To talk about the psychology behind how people think about planning for the future, we turn to NPR science correspondent Shankar Vedantam. Good morning.
SHANKAR VEDANTAM, BYLINE: Hi, Renee.
MONTAGNE: Well, let's start with why it can be so hard to plan for the future.
VEDANTAM: Well, I mean, there's actually several decades of research into this. Back in the early '70s, researchers conducted this humorous experiment called the marshmallow experiment, where they sat these several small children before a table and they put a marshmallow before them. And they said if you don't eat the marshmallow for 15 minutes, I'll give you two marshmallows. What was really fascinating was when the researchers followed these children out into young adulthood and further out, it turned out that their turnout in the marshmallow test predicted all kinds of other things. It predicted how well they did on their SAT scores, how well they did in their careers, even predicted some of that propensity for addictions.
MONTAGNE: I'm guessing that those who ate the marshmallow without looking to the future were the ones who had problems in all of those areas.
VEDANTAM: Exactly. So, it was a measure of impulsivity. You know, how impulsive are you when you have a temptation before you and how well are you able to defer or delay gratification.
MONTAGNE: So, you're saying marshmallow tests could actually predict whether someone would, say, become an alcoholic?
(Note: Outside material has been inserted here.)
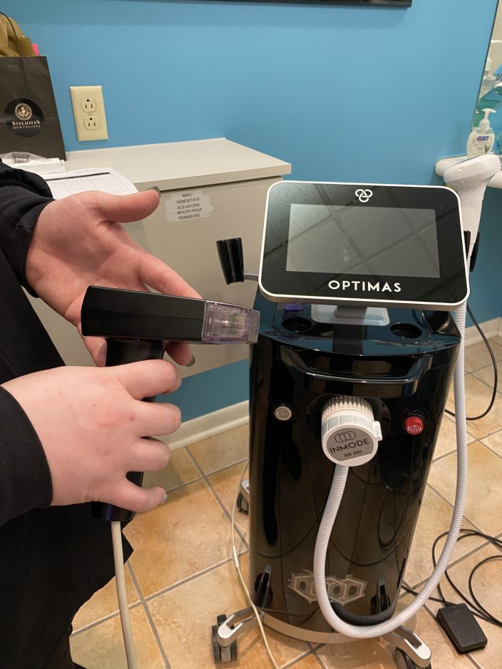“You’re gently wounding the skin. What’s nice is the 24 microneedles are communicating energy between each tip,” explains Dr. Ted Steliotes of Steliotes Dental Spa in McMurray. “We wound the skin just below the surface so it’s creating collagen and elastin, histamines come in and it heals the tissue. While it’s doing that, it’s tightening over time. You can imagine like aerating soil or how spikes on golf shoes puncture the soil. There are tiny little holes that have to fill in, and it will lift and tighten. It’s actually creating your own collagen, awakening your own collagen.”

VEDANTAM: Well, I think what the test was really measuring, it was measuring some element of temperament. And in more recent years, there's been a lot of brain science, neuroscience, which has found there are actually brain differences between people who are better to delay gratification and those who don't. What's optimistic is that there's been research that finds that there are factors that are within people's control that influence whether they become spenders or savers. And it's not just about your brain chemistry, it's actually how you're raised. I spoke with this researcher whose name is Joyce Serido. She's at the University of Arizona. And she said that one factor above all others stands out.
JOYCE SERIDO: Parents played a really big role in the kinds of behaviors that their children exhibited. So, those kids who said that they spoke with their parents about financial matters, actually performed more responsible financial behaviors.
VEDANTAM: So, what Serido found was that children who were included in family discussions about budgets - you know, you're buying a car and you bring the kids in to talk about how much car can we afford, what are the tradeoffs - these are the kids that Serido found, three years into college, are making a budget of their own. They're making hard choices. They're actually saving money.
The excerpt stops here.